• **TASK TO CARRY OUT**
Find the line with "Часнију од херувима" in the records below, then please transcribe it and every later line exactly, omitting the pictures and adding nothing.

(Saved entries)
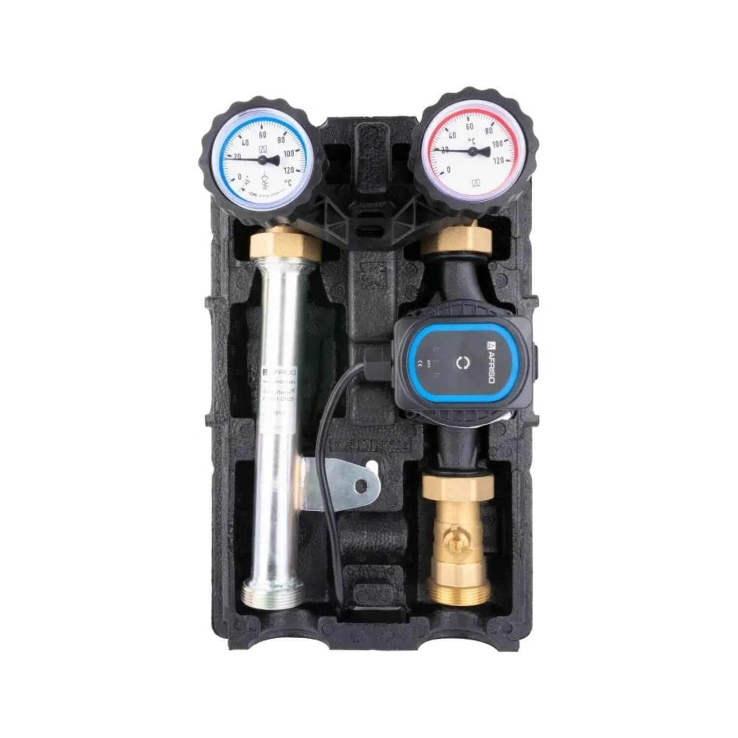 Zestaw ten to kompleksowe rozwiązanie dla profesjonalnych instalacji grzewczych i chłodzących. Składa się z dwóch grup pompowych PrimoTherm K 180-1 DN25 i PrimoTherm K 180-2 DN25, pompy AFRISO APH oraz rozdzielacza AFRISO KSV 125-2.
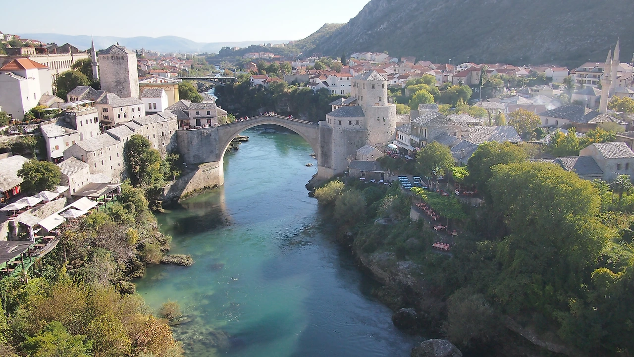 모스타르의 명물인 다리. 네레트바 강 바로 위 다리를 지켰던 "다리 파수꾼들"을 뜻하는 mostari로 도시 이름이 지어졌다니, 명물은 명물이다. 가장 이곳의 사진을 잘 찍을 수 있다는 곳에서 바라본 다리는 두 마을을 잇는 아름다운 풍경을 보여 주었다. 그러나, 불과 20여 년 전인 1993년 보스니아 내전으로 다리와 옛 도시들이 파괴되었고, 후에 다리를 재건했다고 한다. 이 다리를 건너는 관광객들로 북적이는데, 대리석으로 길이 미끄럽기 때문에 조심히 걸어야 한다.
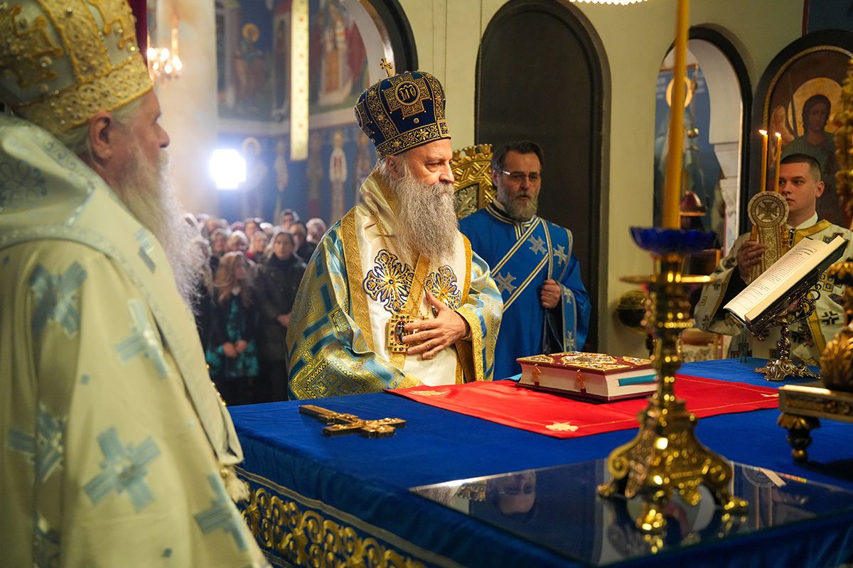 – Часнију од херувима и Славнију од серафима, браћо и сестре, славимо увек! А данас се посебно сећамо Ваведења, догађаја који је спасоносан за нас људе, за сваког од нас појединачно, али и за читав људски род. Сећамо се када је Пресвета Богородица уведена у Храм и тиме показала да је сваком од нас пут који води у смисао, у лепоту, у радост, у живот – улазак у Храм  – беседио је Светејши г. Порфирије и нагласио:
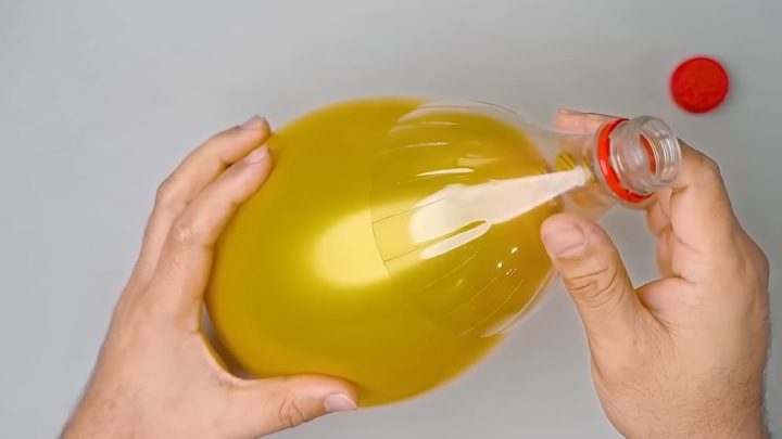 От пластиковой бутылки отрежьте часть с горлышком. Сделайте надрезы по краю. Надуйте воздушный шарик. На малярный скотч закрепите бутылку к шарику.
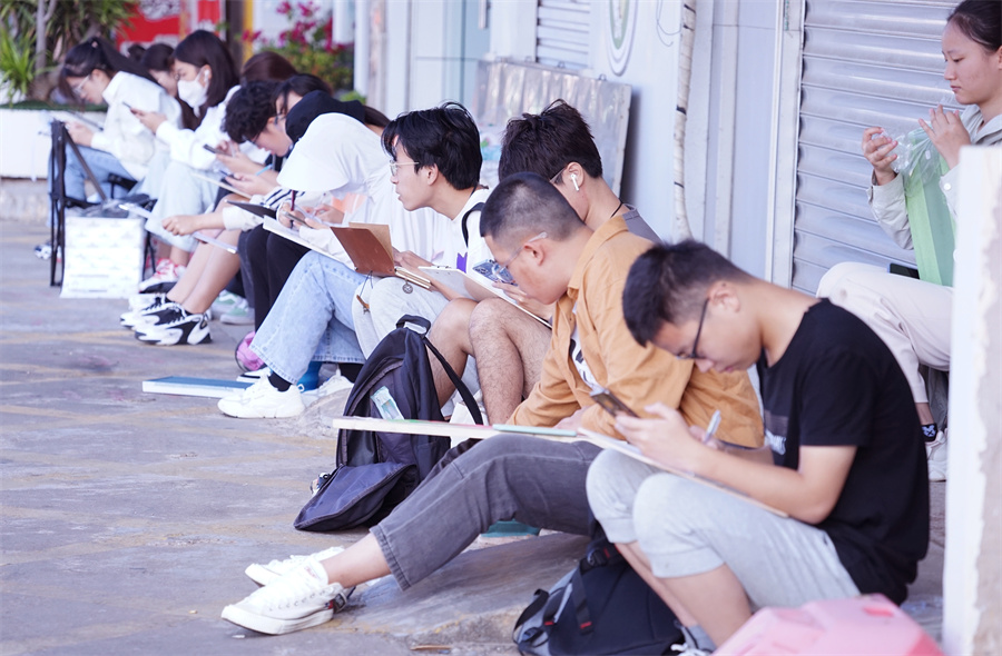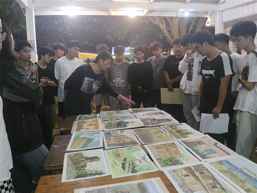 同学在绘画写中,一起去描绘涠洲岛的美景、美事。早晨,大家拿起手中的画笔刻画着眼前美好的风景;黄昏,师生一起交流学习,点评当天的绘画作品,探讨绘画的乐趣。这不仅提高了同学们的学习热情,也促进了同学之间的沟通,更增进了师生之间的感情。
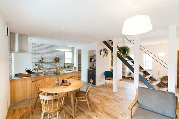 リビングダイニングキッチンは16帖。床は足に優しい無垢材、壁には調湿効果&耐久性がある自然素材の漆喰を使用。
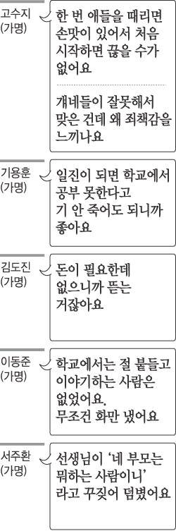 ■ 기용훈(15·중3년)= 그냥 때리고 싶어서 때리는데요. 때리고 싶을 때가 있잖아요. 얼굴만 봐도 때리고 싶은 애가 있으니까 그냥 때리는 거예요. 그냥 재수없어서 때린 거니까 안 미안해요.

• **WORKED SOLUTION**
 – Часнију од херувима и Славнију од серафима, браћо и сестре, славимо увек! А данас се посебно сећамо Ваведења, догађаја који је спасоносан за нас људе, за сваког од нас појединачно, али и за читав људски род. Сећамо се када је Пресвета Богородица уведена у Храм и тиме показала да је сваком од нас пут који води у смисао, у лепоту, у радост, у живот – улазак у Храм  – беседио је Светејши г. Порфирије и нагласио:
 От пластиковой бутылки отрежьте часть с горлышком. Сделайте надрезы по краю. Надуйте воздушный шарик. На малярный скотч закрепите бутылку к шарику.
 同学在绘画写中,一起去描绘涠洲岛的美景、美事。早晨,大家拿起手中的画笔刻画着眼前美好的风景;黄昏,师生一起交流学习,点评当天的绘画作品,探讨绘画的乐趣。这不仅提高了同学们的学习热情,也促进了同学之间的沟通,更增进了师生之间的感情。
 リビングダイニングキッチンは16帖。床は足に優しい無垢材、壁には調湿効果&耐久性がある自然素材の漆喰を使用。
 ■ 기용훈(15·중3년)= 그냥 때리고 싶어서 때리는데요. 때리고 싶을 때가 있잖아요. 얼굴만 봐도 때리고 싶은 애가 있으니까 그냥 때리는 거예요. 그냥 재수없어서 때린 거니까 안 미안해요.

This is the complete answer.